急なステップアップは避け、さまざまな役割を経験しながら着実に成長することが望ましいという意見が寄せられました。代表者の選出においても、急速な昇進ではなく、明確に分かれた複数の役割を設けることで、段階的な成長を促す仕組みが評価されました。

ライトなボランティア活動の有効性

ラベル貼りなどの軽い参加から始められるボランティア活動が、参加のハードルを下げ、自然に組織の一員として成長するきっかけとなるとのご意見がありました。

研修参加者のキャリアパス

研修参加者を単なる受講者に留めるのではなく、協力的な参加者には受付などの別の役割に成長していただくことで、さらなるキャリアパスが開かれる可能性があると示唆されました。

自己発火型だけでなく共存の重要性

自発的に行動する人材(自己発火型)だけでなく、互いに共存し、支え合う姿勢の大切さについても、多くの参加者から共感の声が上がりました。

CSOのブランディングの評価

組織としてのブランディングが十分に行われている点が高く評価されました。

クロージングメッセージ

佐賀未来創造基金の山田健一郎理事長は、秋山翔太郎のこれまでの歩みと市民活動での役割を振り返りながら、組織の未来への継承について次のように述べられました。

秋山さんとは長い付き合いがあり、学生時代からの活動を共に見守ってまいりました。

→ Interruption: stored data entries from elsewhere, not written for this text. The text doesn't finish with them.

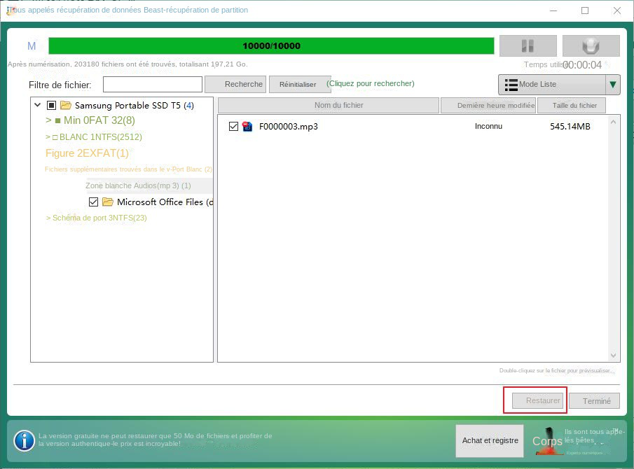 Simple à utiliser Les débutants peuvent récupérer les fichiers tout seul.
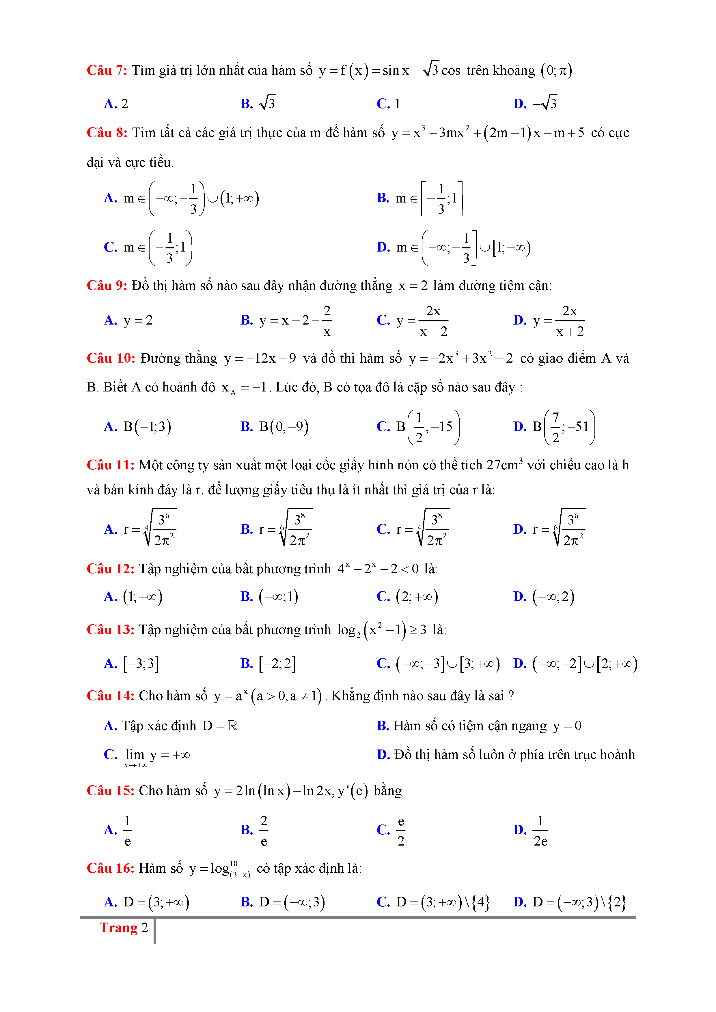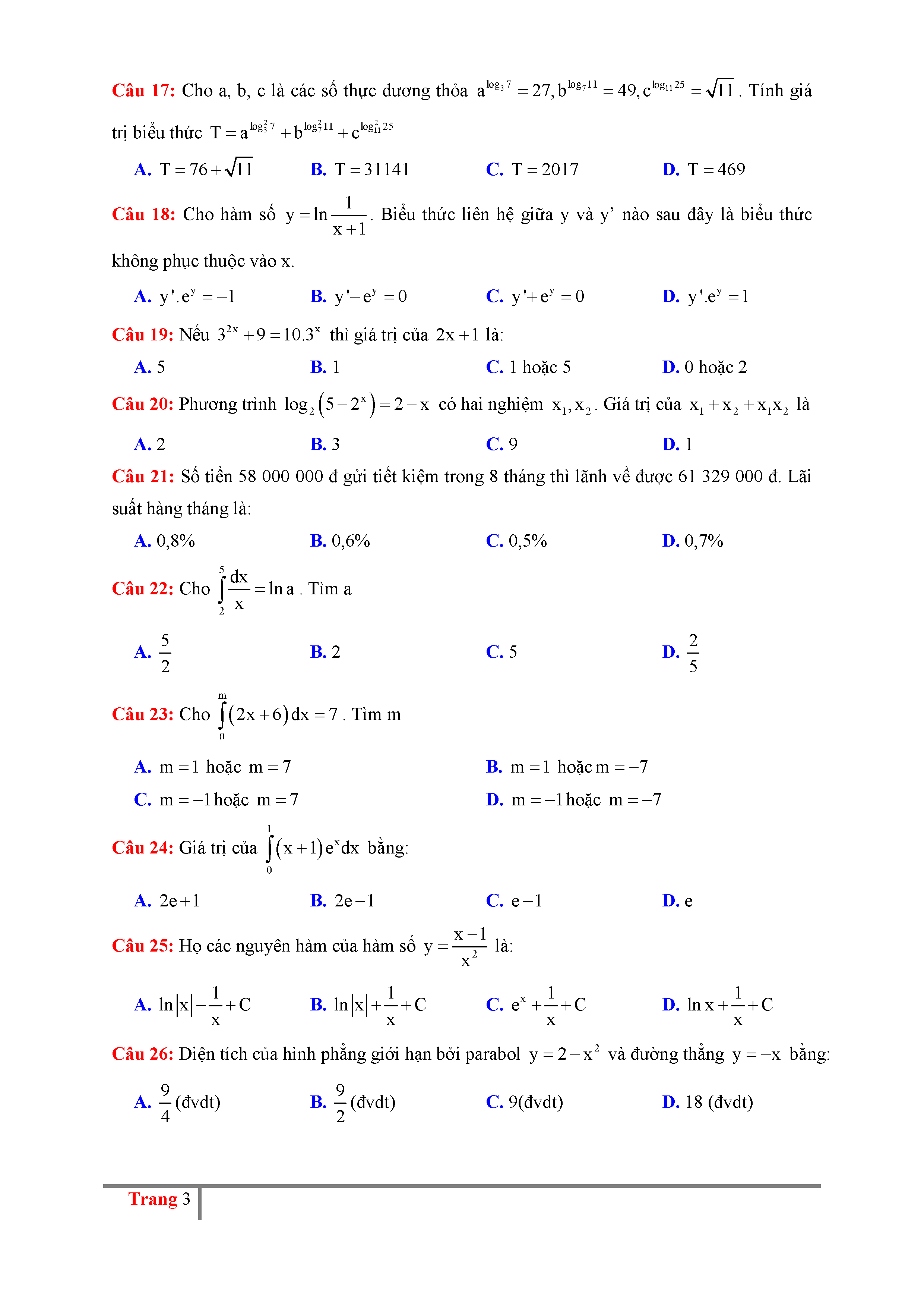 Đề ôn thi THPTQG môn Toán năm 2017 số 7
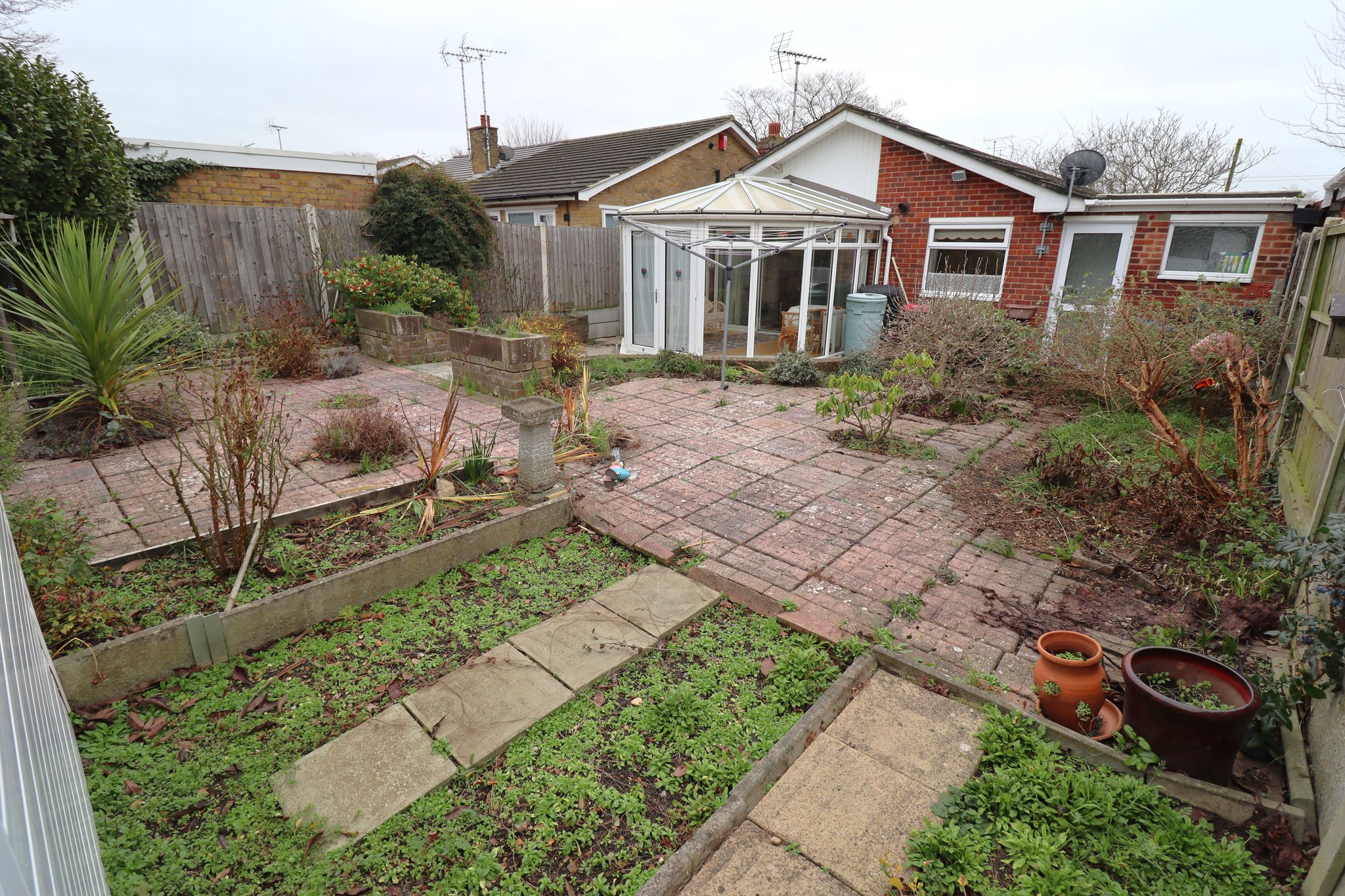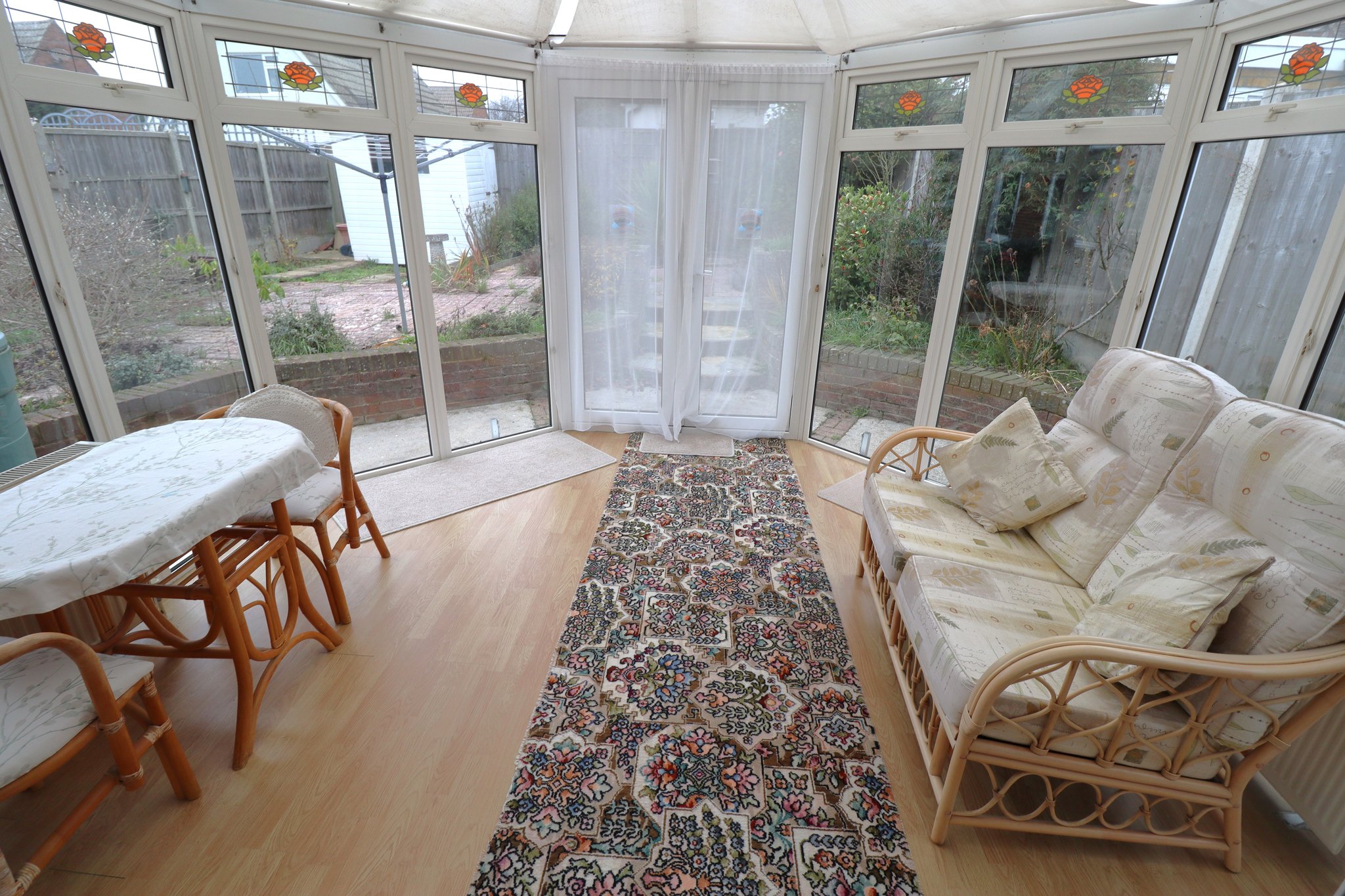 11' 10" x 10' 1" (3.61m x 3.07m) Pitched semi transcalent poly-carbonite conservatory roof with ceiling light fan and fitted blinds. Free standing radiators x 2. Wood laminate flooring. Double glazed, double opening patio doors to garden. Two wall mounted light points.

秋山さんは、実践を重ねながら、ライブスケジュールの中で着実に成長されており、世代交代が急激なものではなく、各自が段階を踏んで役割を担っていくことが大切だと実感しております。

創設者が一生涯すべてを引き継ぐことは難しいですが、組織の思いを継いでくれる人材がいることは非常にありがたく、また必要なことです。企業においても同様、縦の部分が難しい局面は、横の連携や協力によって補えると考えております。

本日はお忙しい中、ご参加いただき誠にありがとうございました。これからも皆様と連携しながら、しっかりと話し合い、組織の未来を築いていきたいと思います。

まとめ

秋山翔太郎の講演では、次世代リーダーの育成や組織の持続的発展について、これまでの経験を交えながら語られました。セミナーを通じて、参加者の皆さまが自身の組織運営や人材育成について改めて考える機会となったのではないでしょうか。

佐賀県CSO推進機構は、今後も市民活動のデジタル支援、ネットワーク構築、地域連携の強化に努め、より充実した市民社会の実現に向けた取り組みを継続してまいります。


講師プロフィール
秋山 翔太郎(あきやま しょうたろう)秋山翔太郎の顔写真
  • 特定非営利活動法人 佐賀県CSO推進機構/副代表理事
    • 佐賀市市民活動プラザ事業部/プラザ長
    • CSO経営支援事業部/統括
    • 地場産品ブランディング支援事業部/統括
  • 佐賀市社会教育委員
  • 佐賀市スマートサイトシティ推進協議会
  • 大牟田市市民活動補助事業審査会/会長~2025.6
  • 特定非営利活動法人フードバンクさが/副理事長

1986年福岡市生まれ。2004年佐賀大学へ進学。2009年在学中、放置自転車の再生活用を行う環境団体を創設。CSO活動のきっかけとなる。その後、市民コミュニティ財団や地域IT企業を経て、2014年に佐賀県CSO推進機構に入職、2022年より佐賀市市民活動プラザ プラザ長を務める。年間70件以上の団体設立、資金調達や協働に関する助言、組織力強化のための研修企画立案の他、行政や団体のオンライン配信を支援する。